Gunplay

IMG_3488At the paternal family farm, there were my teetotaling great-grandparents living in their crackerbox house, where they had eked out a sort of a living.  They were German and Norwegian and Lutheran.  Everything smelled like old people and dust.  My paternal great-grandfather managed to buy a place where, during the Depression, they could shoot possums and raccoons when they got hungry.

The maternal family farm is a spanking newly remodeled place, with a freshly decorated house and three semis parked out front.  These great-grandparents were Polish and Bohemian and Catholic.  My great-grandfather had to sell his saloon because of Prohibition, but he had made enough money to buy a big piece of land, and continued, allegedly, to supplement his income with alcohol sales once he was on the farm.

This is, obviously, a lesson on the benefits of alcohol.

My other two sets of great-grandparents were not farmers.  They were, respectively, a mortician and a shop owner turned preacher.  We do not go back to John A. Gentleman Funeral Home unless someone dies.

Once part of a family moves Into Town, the farm is nostalgia for the generation who grew up there, and playtime for the generations who didn’t.  I have been put on horses to ride with great-grandpa, and I have picked up barn kittens and gotten impossibly muddy wandering in cornfields and checking out ancient, half-buried old cars.

One activity at the maternal family reunion is The Shooting of Clay Pigeons.   When I think about guns, I think about my students who have been shot, and neighbors and friends who have had fearful experiences with guns.  My only tactile experience with guns was the time I held my brother’s shotgun.  He went turkey hunting occasionally with an uncle.

When I was standing in front of the corn field and my mom’s cousin said, “You want a turn?”  I said, “Sure.”

I had already heard the safety lesson: always keep your gun pointed straight up or straight down when it’s not pointed at the target field.  Now I saw how to unlatch the gun and put yellow cartridges in the closer end, shut it, move the safety from on to off.  The first gun I shot had two triggers.  The inner one was so close to the end that I wasn’t sure how I could pull it, but my mom’s cousin told me it would go.  He was deep down calm, like his legs were a thousand pounds and his resting heart rate was excellent.

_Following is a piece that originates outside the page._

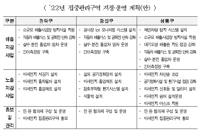 서울시는 지난해 금천·영등포·동작·은평·서초·중구 6곳을 미세먼지 집중관리구역으로 지정한데 이어 올해 자치구별 지역 특성에 맞는 미세먼지 집중관리구역을 확대 지정하기 위해 지난 3월 자치구 대상으로 수요조사와 전문가 현장평가를 실시, 관악·광진·성동구 3곳을 지정 후보지역으로 선정했다.

I wasn’t sure I could shoot a gun, but I’m used to pretending, so I stepped up next to my cousins and uncles, and I put the wooden part against my shoulder.  For some reason, I remembered that part was important.  On either side of me were some cousins and uncles, looking out at the power lines and six-inch high corn plants.

Someone yelled, “Pull!”  and several orange flying saucers flew up.  I tried to move the trigger, but nothing happened.  The trigger was heavy and didn’t want to do anything.  The orange discs swirled and fell.  As a group, we were not very good.  That was encouraging.

I waited, and when the next round of targets went up, I pulled my finger back harder.  Because people always talk about how loud guns are in real life, and how strong the kickback can be, I was prepared for those two experiences.  It wasn’t so loud I felt like I needed earplugs, but then, I only shot six or eight times.

It was the force required to pull the trigger.  You had to really mean it.

I went back to the table where the cartridges were sitting in little cardboard boxes, and handed my gun over to my sister.  “You can do it,” I said.

Later I got to load and shoot a different gun, a 12 instead of a 20.  A 20 caliber, you see, is a “baby gun.”  The 12 gauge had a pump on it, so I had that action star moment of “cha ching” when I loaded it.  Another one of my mom’s cousins took a turn educating me.

I realized how different they are from a gun you’d use to kill a bunch of people.  The guns I shot could fire twice, and then someone would have plenty of time to tackle you.  Yes, you could kill two people.  But then, I have driven a car for many years, and I surely could kill two people with my car.  I don’t know if I could hit a possum.

I was so scared to drive a car.  As much as I lusted after that freedom, I feared the power.  When I first got in the driver’s ed car, I thought, “Who, me?  How could I drive a car?  Does he know who I am?  I can’t drive!”

My instructor didn’t know who I was, and I had to start that car and drive.